The area north of the Pan American Exhibition grounds was finally developed in the early 20th century, from the 1910s to 1930. It was Buffalo's "suburbia" then. My immigrant grandparents escaped the crowded conditions in Polonia (the Polish part of Buffalo's East Side) to move to newer, nicer housing in the Grant-Amherst area.
That wasn't a pattern unique to Buffalo, either. The neighborhood I live in here in Jamestown is near the city line and is a mixture of 1920s and post-WW II homes. Further south, most of the homes are vintage 1960. In the southeast corner of Jamestown, there's suburban style developments from the 1960s and 1970s. There are numerous suburban-like neighborhoods within the city limits of Albany, Troy, and Schnectady, too. In fact, when I lived in the Albany area in the 1990s, there was still significant land available for development in both Troy and Rensselaer, and builders were putting up houses on that land.
Too many people assume that because the widespread development of towns outside the city limits didn't occur until after WW II that suburbanization started then.

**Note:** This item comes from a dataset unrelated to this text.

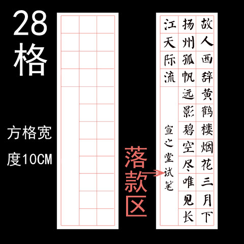 20-grid 28-grid 56-grid calligraphy grade examination work creation practice with inscription raw Xuan semi-cooked Xuan square grid rice paper

The fact is that was about when many cities, especially in the Northeast and Midwest finally filled up the land within their city limits (and they were prohibited by law from annexing neighboring areas). What too many people today don't realize is that people's needs and wants changed over time. Moving from a crowded tenement or from a tiny little shotgun shack housing two or three families to a newer home with a basement and spacious apartments on each floor and a yard big enough for a garage and a little garden was the 1920s version of the 1950s single family cape on its quarter acre lot or the 1970s rancher with its bath and a half, attached garage, and half acre estate. The beautiful Victorians and Tudors that dot city neighborhoods today were their eras' versions of the 2000's exurban McMansions.
We're Americans, the descendents of people who mostly came here to get land of their own, even if they actually never did accomplish it. Owning the land we live on (even if it's only an apartment) will probably remain important to most Americans for the foreseeable future, even if it's only a dream. It's just something that's ingrained in us in a way that doesn't happen in most places in the world. Maybe it's in the water.